◆ **SOURCE MATERIAL**:
[Start of section]

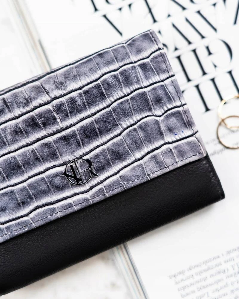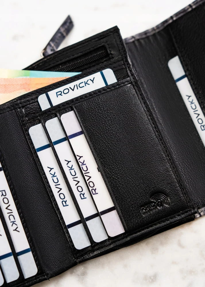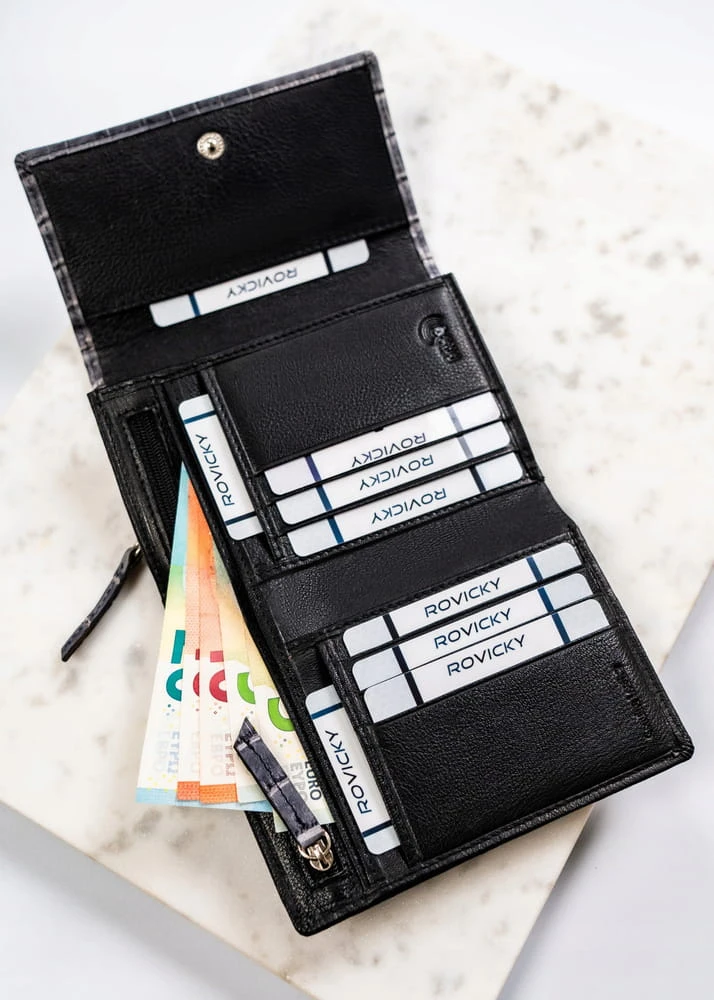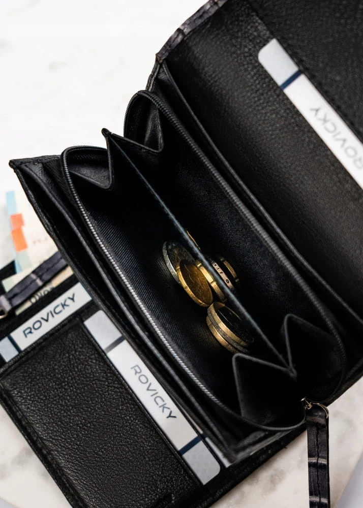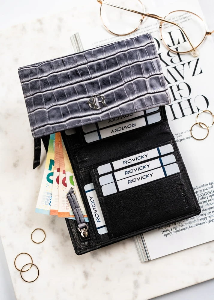 Damski portfel ze skóry naturalnej na zatrzask - Rovicky
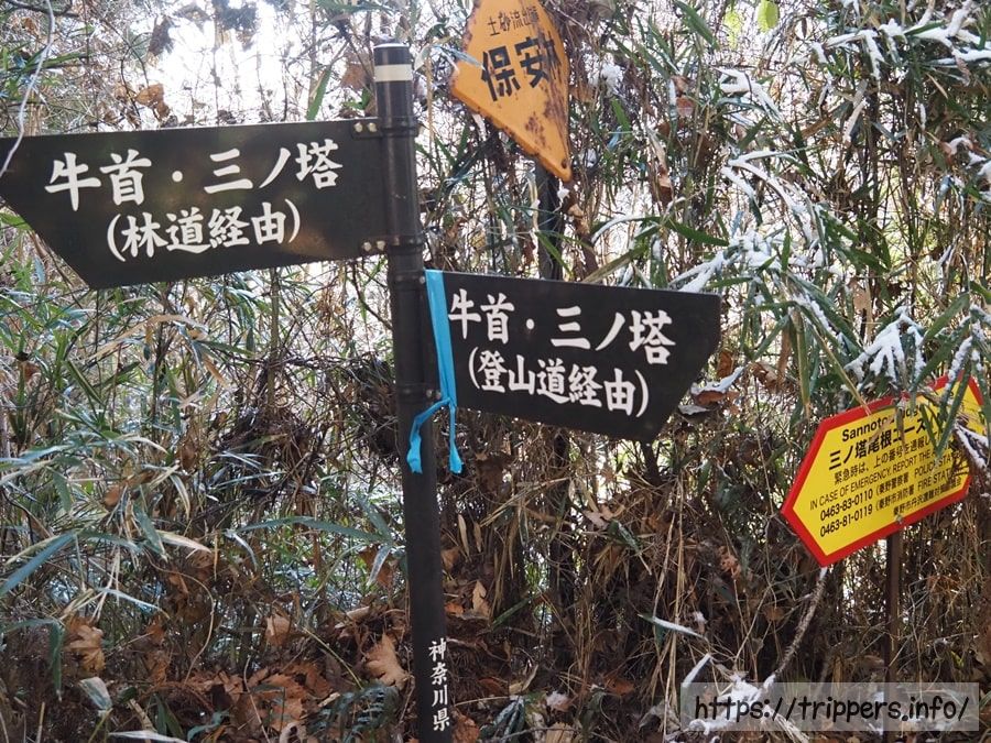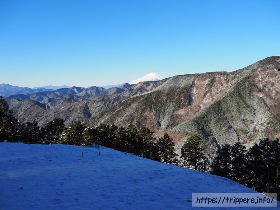三ノ塔尾根には眺望がありますが、標高が低いために富士山が隠れてます。山肌を白く染める雪は、日中には幾分溶けてしまうと思います。再び寒くなっても透明に凍るだけだと思い、白い景色を見るには、翌日訪れても時すでに遅しです。そう自分に言い聞かせて、今日は山に行かずに二度寝をする怠惰を一蹴しました。
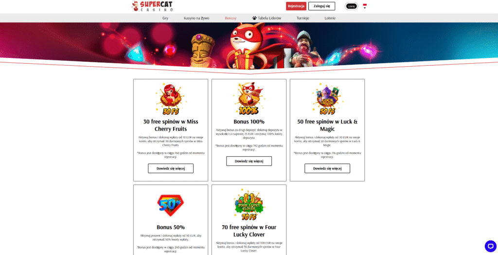 SuperCat Casino to dobra propozycja dla graczy, którzy szukają rozrywki z bonusem humoru, ciekawych promocji i szerokiej biblioteki gier w bezpiecznym środowisku.

[End of section]

◆ **EXERCISE DESCRIPTION**: Write the data out again exactly, but without its images.

◆ **TASK ANSWER**:
 Damski portfel ze skóry naturalnej na zatrzask - Rovicky
三ノ塔尾根には眺望がありますが、標高が低いために富士山が隠れてます。山肌を白く染める雪は、日中には幾分溶けてしまうと思います。再び寒くなっても透明に凍るだけだと思い、白い景色を見るには、翌日訪れても時すでに遅しです。そう自分に言い聞かせて、今日は山に行かずに二度寝をする怠惰を一蹴しました。
 SuperCat Casino to dobra propozycja dla graczy, którzy szukają rozrywki z bonusem humoru, ciekawych promocji i szerokiej biblioteki gier w bezpiecznym środowisku.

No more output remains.